After locating the line that contains "Pastry made of" in the data below, set down exactly that line and each one after it through the line that contains "作词:黄启先 梁谢敏 作曲:黄启州 石乃文 来源:校歌制作 上传:隆福小学", and nothing more.

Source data
--------------------------------------------------

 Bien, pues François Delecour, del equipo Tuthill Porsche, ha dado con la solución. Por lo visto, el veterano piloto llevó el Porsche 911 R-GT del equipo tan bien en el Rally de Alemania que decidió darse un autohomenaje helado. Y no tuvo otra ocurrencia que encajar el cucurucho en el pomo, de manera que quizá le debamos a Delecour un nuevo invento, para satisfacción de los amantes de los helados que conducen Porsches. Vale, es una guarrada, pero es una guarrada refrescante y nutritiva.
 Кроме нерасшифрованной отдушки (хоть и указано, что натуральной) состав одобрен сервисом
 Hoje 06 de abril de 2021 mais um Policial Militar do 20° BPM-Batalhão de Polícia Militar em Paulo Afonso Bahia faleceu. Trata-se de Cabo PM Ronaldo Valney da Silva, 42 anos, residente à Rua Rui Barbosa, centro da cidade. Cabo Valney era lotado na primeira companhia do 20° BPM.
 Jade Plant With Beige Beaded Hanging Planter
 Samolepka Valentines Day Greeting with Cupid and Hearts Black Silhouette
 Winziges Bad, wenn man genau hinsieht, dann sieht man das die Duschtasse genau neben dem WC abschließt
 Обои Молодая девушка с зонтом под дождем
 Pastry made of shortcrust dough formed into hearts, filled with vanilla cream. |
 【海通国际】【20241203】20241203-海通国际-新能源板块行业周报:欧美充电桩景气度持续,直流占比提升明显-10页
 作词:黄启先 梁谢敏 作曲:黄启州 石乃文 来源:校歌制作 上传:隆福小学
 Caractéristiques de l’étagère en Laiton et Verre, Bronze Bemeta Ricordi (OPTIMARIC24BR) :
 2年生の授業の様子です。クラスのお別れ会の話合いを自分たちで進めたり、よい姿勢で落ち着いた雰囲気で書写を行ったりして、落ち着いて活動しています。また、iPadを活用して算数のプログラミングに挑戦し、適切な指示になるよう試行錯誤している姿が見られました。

--------------------------------------------------

*Finished exercise*:
 Pastry made of shortcrust dough formed into hearts, filled with vanilla cream. |
 【海通国际】【20241203】20241203-海通国际-新能源板块行业周报:欧美充电桩景气度持续,直流占比提升明显-10页
 作词:黄启先 梁谢敏 作曲:黄启州 石乃文 来源:校歌制作 上传:隆福小学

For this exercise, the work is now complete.